A discussion was then had regarding liability for any local MTB group, i.e. who takes ultimate responsibility? Peter pointed out that litigation would automatically be directed at the organisation with the most money – that being the government funded FCE, rather than a local group of riders. Peter expanded on FCE’s duty of care and gave real examples of litigation against FCE in other forests. He also pointed out FCE’s ‘second to none’ record of successfully defending against claims where life changing incidents had occurred on FCE land.

Peter was keen to point out that any partnership (if at all) could be as formal or informal as the group desired. Examples were given of various partnerships with different levels of expectation and responsibility and that FCE were not looking to impose anything.

A lot of talk covered the expectations of local riders, namely to keep things pretty much as they are: to ride natural and built trails – official & unofficial, current & new. Two examples were given (by local riders) of sections that FCE might want to address – FourDrops and the DH run. Plenty of suggestions were made on how to address these, but FCE were keen to state that this would be a working partnership and dialogue would nearly always find a solution. The priority for now was to establish a channel for such dialogue.

Interaction with other forest users (walkers, equestrians, dog walkers) was discussed and examples given of possible conflict of interest. Local riders explained the steps already taken to engage with TROT (who manage the fee paying access to the forests for horse riders), whose main issue was the lack of clear signage throughout Friston Forest. There was strong support from those present for improved signage, which would clearly mark MTB trails/areas and would make it clear to other users (including MTB of different skill levels) to: be aware; take care; keep off.

FCE were quizzed regarding development of trails, including North Shore, the availability of heavy machinery and access to a budget. The response was that the level of development was dependent on the level of reposibility and formalisation that could be established by a partnership.

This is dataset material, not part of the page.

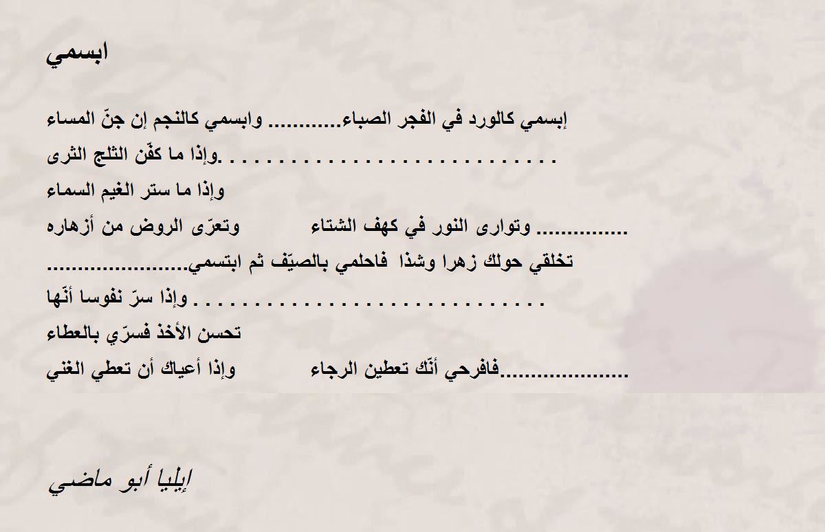 إبسمي كالورد في الفجر الصباء............ وابسمي كالنجم إن جنّ المساء
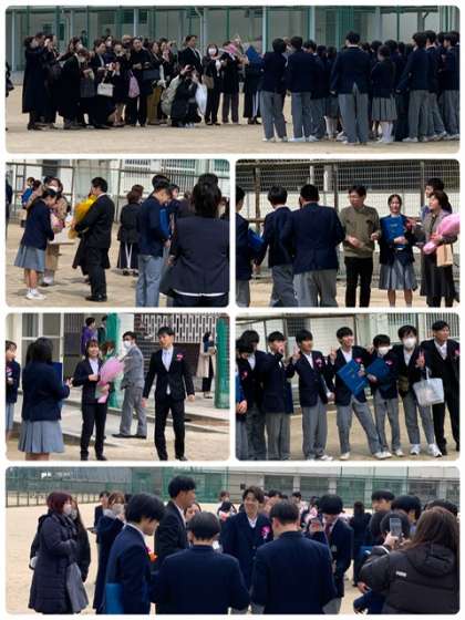 卒業式 6 公開日 2024/03/14 更新日 2024/03/14 出来事 ●花道を通り正門を出て、東門からグランドに戻り各々に記念写真を撮影しています。 コロナ禍も明け、通常の卒業式が無事に終了しました。 卒業生の皆さん、ご卒業おめでとうございます。これからの未来が素晴らしいものになりますように、心より祈っています。

FCE have a ‘constraints map’, showing rare flora/fauna, Ancient monuments and New plantings. Any further development would have to be with consideration to this map.

There was some talk about the forest itself and how there is little in terms of restrictions of use due to conservation/ archeology etc.

FCE were asked about holding events and that there was no problem with that, the application of which would simply have to be assessed and approved by the FC. The process usually takes 8 weeks.

There was a brief discussion towards the end of the meeting about the “FourDrops” onto West Dean road. This has been identified by the FC as a dangerous area that needs addressing. Various options were explored and the discussion ended with a suggestion at this stage of an FCE notice simply warning riders of the danger.

There was general agreement that a representative group would be beneficial for all. It was pointed out that there are many who do not (and will not) have a Facebook account, which is a barrier to using the current Friston MTB account. An online forum was suggested, and strongly supported.

 

The next steps were discussed, and agreed:

– The attendees would exchange contact details and work out a way forward to creating a more formal group.
– FCE would assist in communication between local riders and FCE, other user groups and existing MTB groups working with FCE.
– There was general agreement that a representative group would be beneficial for all. It was pointed out that there are many who do not (and will not) have a Facebook account. An online forum was suggested, and strongly supported.
– Date of next meeting was not decided.